Hello friends,
We’re trying to replace a custom-built toolchain package manager with nix
. So far it’s going well, but we hit a pretty large roadblock with the performance of the Python interpreter that nix
provides. On average, running the nix
Python 3.8 interpreter results in a ~20% performance penalty for most operations.

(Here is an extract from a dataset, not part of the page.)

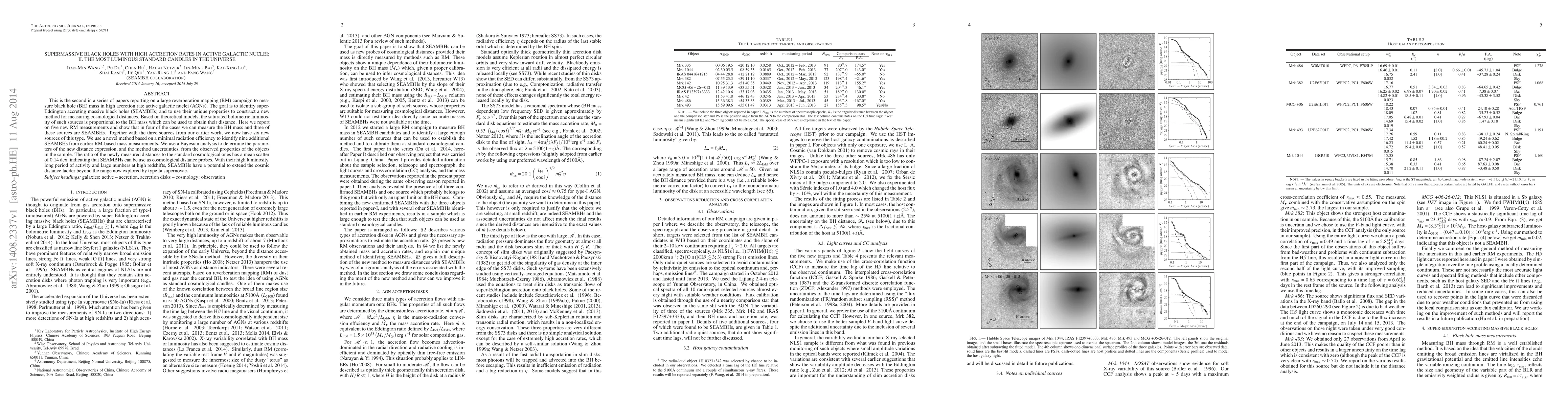 This is the second in a series of papers reporting on a large reverberation mapping (RM) campaign to measure black hole (BH) mass in high accretion rate active galactic nuclei (AGNs). The goal is to identify super-Eddington accreting massive black holes (SEAMBHs) and to use their unique properties to construct a new method for measuring cosmological distances. Based on theoretical models, the saturated bolometric luminosity of such sources is proportional to the BH mass which can be used to obtain their distance. Here we report on five new RM measurements and show that in four of the cases we can measure the BH mass and three of these sources are SEAMBHs. Together with the three sources from our earlier work, we now have six new sources of this type. We use a novel method based on a minimal radiation efficiency to identify nine additional SEAMBHs from earlier RM-based mass measurements. We use a Bayesian analysis to determine the parameters of the new distance expression, and the method uncertainties, from the observed properties of the objects in the sample. The ratio of the newly measured distances to the standard cosmological ones has a mean scatter of 0.14 dex, indicating that SEAMBHs can be use as cosmological distance probes. With their high luminosity, long period of activity and large numbers at high redshifts, SEAMBHs have a potential to extend the cosmic distance ladder beyond the range now explored by type Ia supernovae.

I’ve narrowed this down to GCC or something that deals with the interpreter & its compilation. However, the compilation flags used for the nix
Python and the Ubuntu Python are the same. Any guidance or insight into why the Python interpreter is slower with nix
would be much appreciated.
With a little benchmark script, we see the difference more clearly:
Python 3.8.0 (via apt-get) + Ubuntu 18.04 + GCC 7.5.0
7.592594s (oct)
1.802671s (iter str)
1.616609s (list str)
1.426657s (map)
1.073226s (gen 1000000)
11.625021s (gen 10000000)
1.694831s (small json dump)
0.945864s (small json load)
16.688743s (big json dump)
11.152032s (big json load)
0.357358s (small pickle dump)
0.384992s (small pickle load)
3.645764s (big pickle dump)
4.759644s (big pickle load)
Python 3.8.12 (via python38) + Nix 2.3.15 + Nixpkgs 21.11 + GCC 10.3.0
10.383724s (oct)
2.246434s (iter str)
2.022653s (list str)
1.788243s (map)
1.342692s (gen 1000000)
14.281956s (gen 10000000)
2.212560s (small json dump)
0.956572s (small json load)
21.813559s (big json dump)
11.343651s (big json load)
0.325251s (small pickle dump)
0.425216s (small pickle load)
3.472391s (big pickle dump)
5.079145s (big pickle load)
This benchmark script runs a bunch of tests in a loop for built-in modules; there are no 3rd party imports
yet.
To further isolate things; I even downloaded the official Python 3.8.13 source from python.org, and compiled it inside and outside a nix-shell
. The results were the same, with the nix
version being slower. This points to something with how nix
compiles Python; and you can reproduce this on an Ubuntu client with, it’s the same benchmark as (oct)
above:
mkdir /tmp/py38; cd /tmp/py38
wget https://www.python.org/ftp/python/3.8.13/Python-3.8.13.tgz
tar -xvf Python-3.8.13.tgz
cd Python-3.8.13
./configure --enable-optimizations
make -s -j
./python -c "import timeit; print(timeit.Timer('for i in range(100): oct(i)', 'gc.enable()').repeat(5))"
On my machine with Intel® Xeon® Gold 5118 @ 2.30GHz; this results in about a 7.6-7.7s average.
Then running the same test on nix
:
cd /tmp/py38/Python-3.8.13
make clean
nix-shell --pure -I nixpkgs=http://nixos.org/channels/nixos-21.11/nixexprs.tar.xz -p stdenv
./configure --enable-optimizations
./python -c "import timeit; print(timeit.Timer('for i in range(100): oct(i)', 'gc.enable()').repeat(5))"
The results will be around 10.4s on average when doing this inside nix-shell
.
This all points to something below the Python layer, maybe how GCC is invoked. We don’t really understand why arithmetic operations are impacted this much; if both are compiled with all optimizations.
Thanks in advance, and if any info is needed / tests suggested, I’m happy to try!